* **To do**
Would you repeat word for word the lines of the listing that follows, from the one with "Biurko Gamma w" up to and including the one with "Ta prva izdaja", and leave out the images?

* **Information shown**

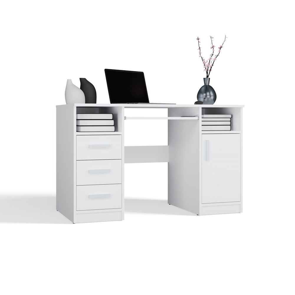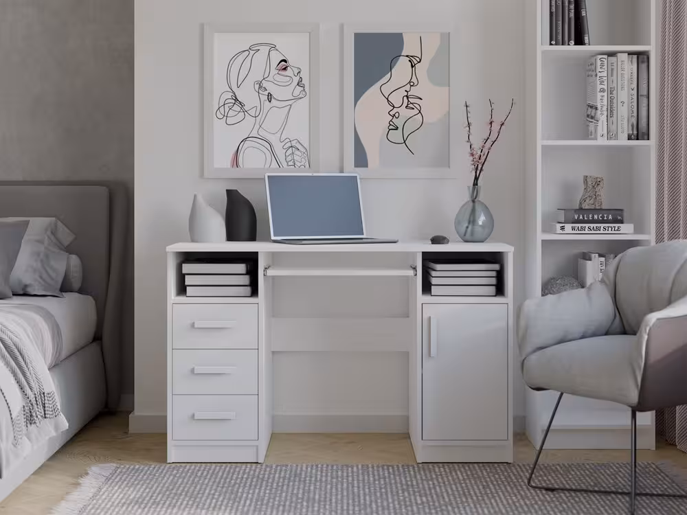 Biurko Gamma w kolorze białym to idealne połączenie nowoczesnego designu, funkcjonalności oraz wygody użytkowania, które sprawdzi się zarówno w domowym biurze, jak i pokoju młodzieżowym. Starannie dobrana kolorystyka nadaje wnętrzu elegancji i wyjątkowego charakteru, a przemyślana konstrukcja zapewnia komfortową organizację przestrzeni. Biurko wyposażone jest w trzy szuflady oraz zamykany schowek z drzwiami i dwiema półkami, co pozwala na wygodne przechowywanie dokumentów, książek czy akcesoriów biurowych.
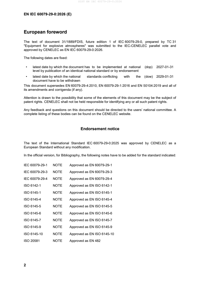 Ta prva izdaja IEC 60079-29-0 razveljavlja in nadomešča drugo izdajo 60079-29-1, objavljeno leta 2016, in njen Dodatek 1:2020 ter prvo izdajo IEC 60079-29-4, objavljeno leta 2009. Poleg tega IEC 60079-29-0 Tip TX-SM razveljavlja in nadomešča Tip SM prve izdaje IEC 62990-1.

* * *

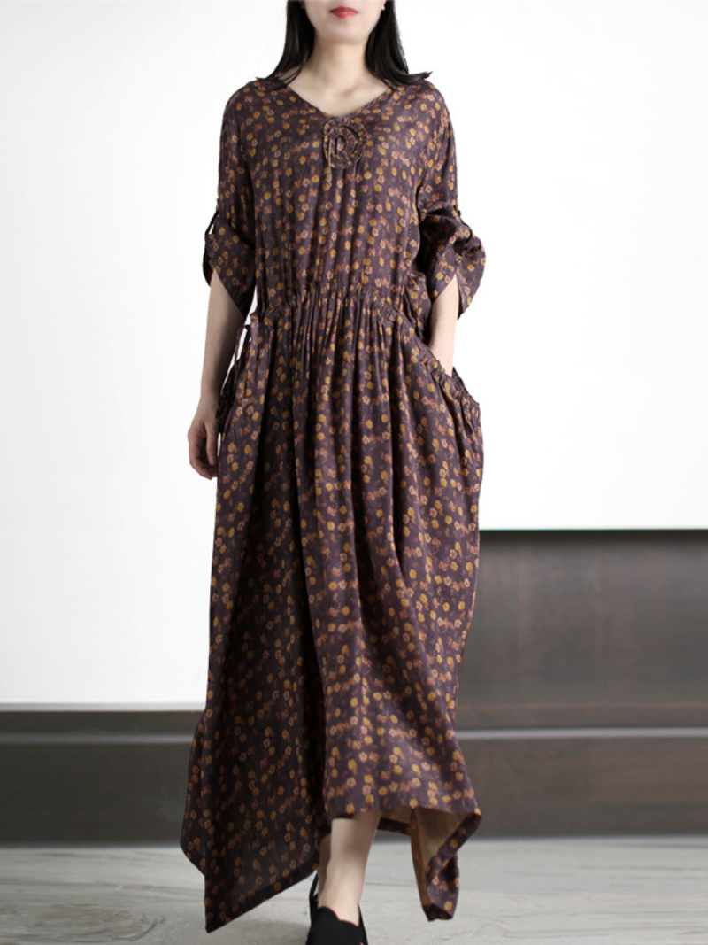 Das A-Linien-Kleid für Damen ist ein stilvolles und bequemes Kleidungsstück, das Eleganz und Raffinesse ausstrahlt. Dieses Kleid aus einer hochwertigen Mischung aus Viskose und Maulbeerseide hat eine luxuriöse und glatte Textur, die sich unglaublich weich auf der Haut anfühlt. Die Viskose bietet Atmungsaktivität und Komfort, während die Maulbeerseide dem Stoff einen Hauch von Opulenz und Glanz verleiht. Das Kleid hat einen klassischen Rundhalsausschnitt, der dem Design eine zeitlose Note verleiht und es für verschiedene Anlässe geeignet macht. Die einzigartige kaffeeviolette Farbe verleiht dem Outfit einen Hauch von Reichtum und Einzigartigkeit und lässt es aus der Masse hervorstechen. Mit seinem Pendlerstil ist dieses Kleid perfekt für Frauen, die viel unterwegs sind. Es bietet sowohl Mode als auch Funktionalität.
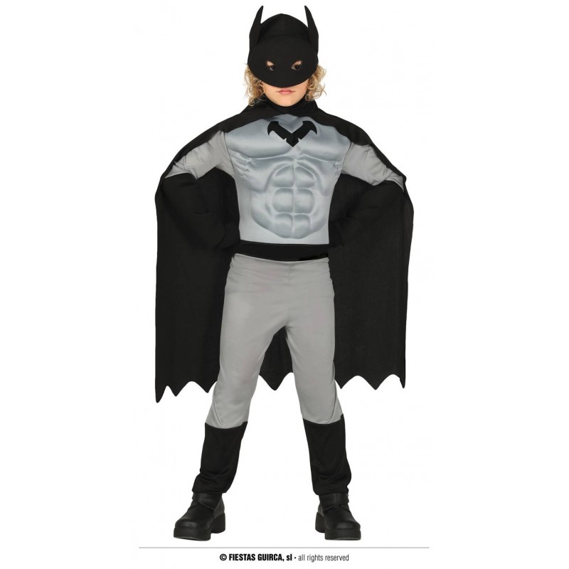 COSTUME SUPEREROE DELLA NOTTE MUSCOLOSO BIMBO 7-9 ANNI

* **Exercise result**
 Biurko Gamma w kolorze białym to idealne połączenie nowoczesnego designu, funkcjonalności oraz wygody użytkowania, które sprawdzi się zarówno w domowym biurze, jak i pokoju młodzieżowym. Starannie dobrana kolorystyka nadaje wnętrzu elegancji i wyjątkowego charakteru, a przemyślana konstrukcja zapewnia komfortową organizację przestrzeni. Biurko wyposażone jest w trzy szuflady oraz zamykany schowek z drzwiami i dwiema półkami, co pozwala na wygodne przechowywanie dokumentów, książek czy akcesoriów biurowych.
 Ta prva izdaja IEC 60079-29-0 razveljavlja in nadomešča drugo izdajo 60079-29-1, objavljeno leta 2016, in njen Dodatek 1:2020 ter prvo izdajo IEC 60079-29-4, objavljeno leta 2009. Poleg tega IEC 60079-29-0 Tip TX-SM razveljavlja in nadomešča Tip SM prve izdaje IEC 62990-1.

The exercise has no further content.